**TRY IT**
Would you reproduce each line below exactly, leaving every picture out?

**DATA EXCERPT**

+--

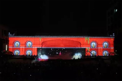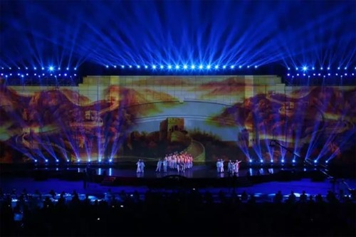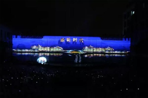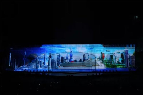 海上絲綢之路2000余年的文化傳承和歷史積淀,孕育出眾多廣為流傳的文化瑰寶。配合著以55米寬,14米高樓體為“幕布”的3D裸眼投影秀,現(xiàn)場觀眾欣賞了精彩絕倫的琵琶彈奏、歌曲演唱、芭蕾等節(jié)目,盡享科技與藝術(shù)、現(xiàn)代與傳統(tǒng)的完美結(jié)合。這是是中國首次舞臺墻體投影和燈光合為一體文藝晚會,也是自2014年以來上海首次舉行大面積墻體投影燈光秀。
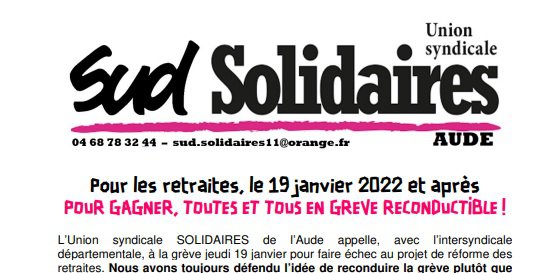 Retraites : 19 janvier et après, mobilisation syndicale dans l'Aude
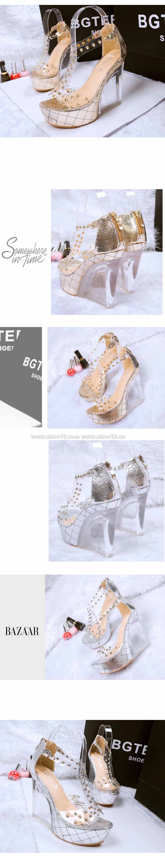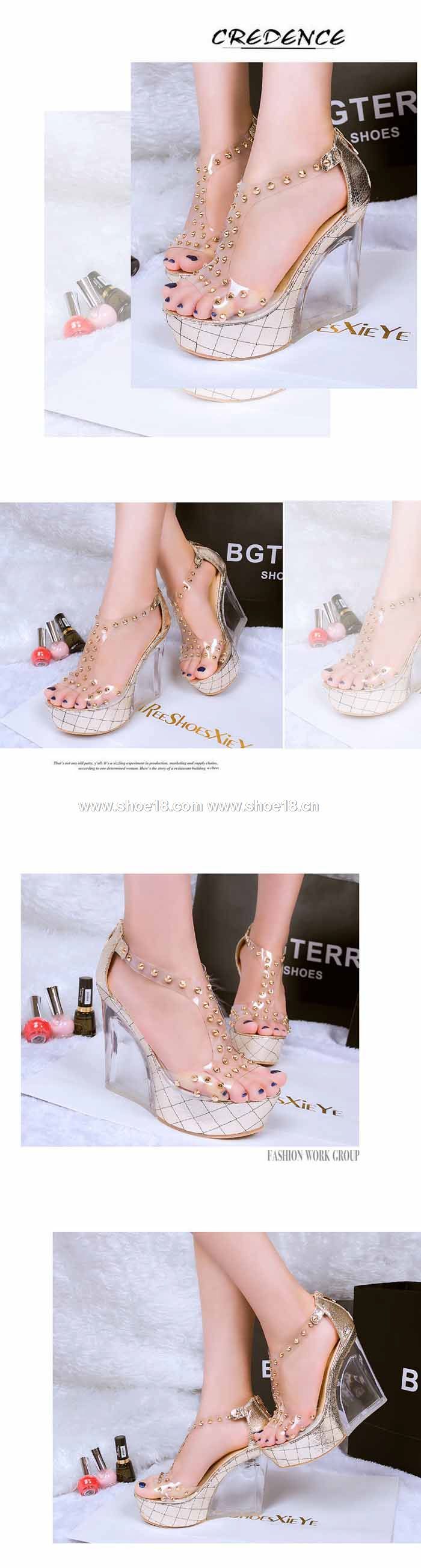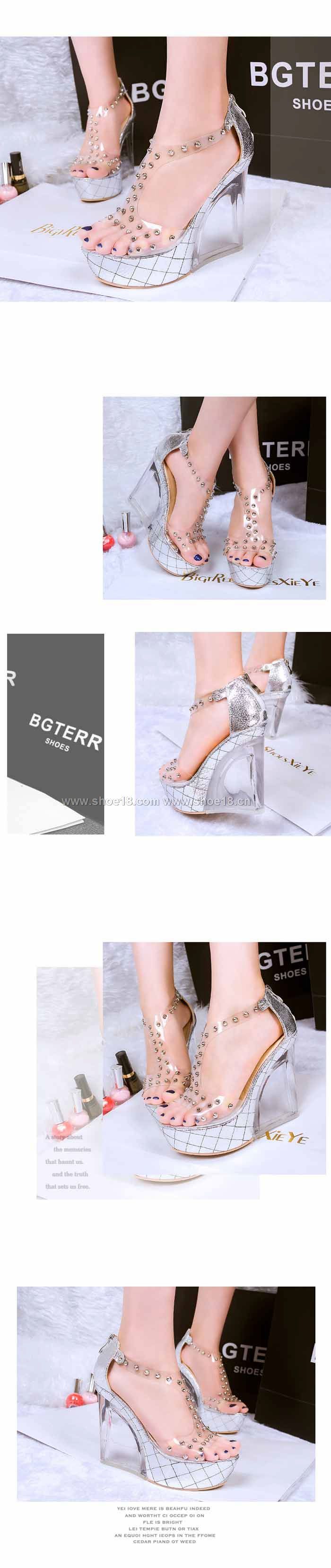 鞋面材質:進口皮革+铆钉+高档水晶鞋跟
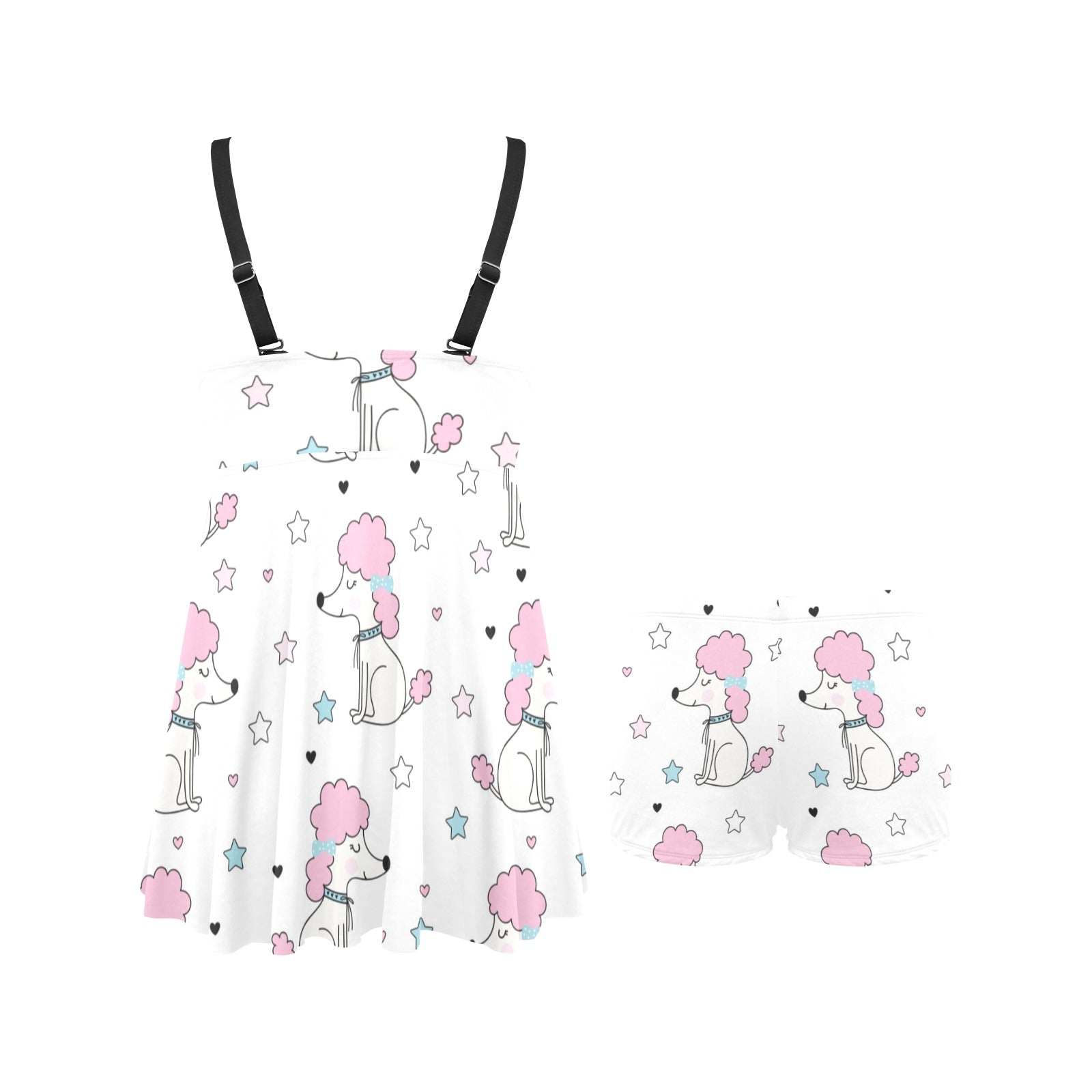 Cute poodle dog star pattern Chest Sexy Pleated Two Piece Swim Dress

+--

**FINAL ANSWER**
 海上絲綢之路2000余年的文化傳承和歷史積淀,孕育出眾多廣為流傳的文化瑰寶。配合著以55米寬,14米高樓體為“幕布”的3D裸眼投影秀,現(xiàn)場觀眾欣賞了精彩絕倫的琵琶彈奏、歌曲演唱、芭蕾等節(jié)目,盡享科技與藝術(shù)、現(xiàn)代與傳統(tǒng)的完美結(jié)合。這是是中國首次舞臺墻體投影和燈光合為一體文藝晚會,也是自2014年以來上海首次舉行大面積墻體投影燈光秀。
 Retraites : 19 janvier et après, mobilisation syndicale dans l'Aude
 鞋面材質:進口皮革+铆钉+高档水晶鞋跟
 Cute poodle dog star pattern Chest Sexy Pleated Two Piece Swim Dress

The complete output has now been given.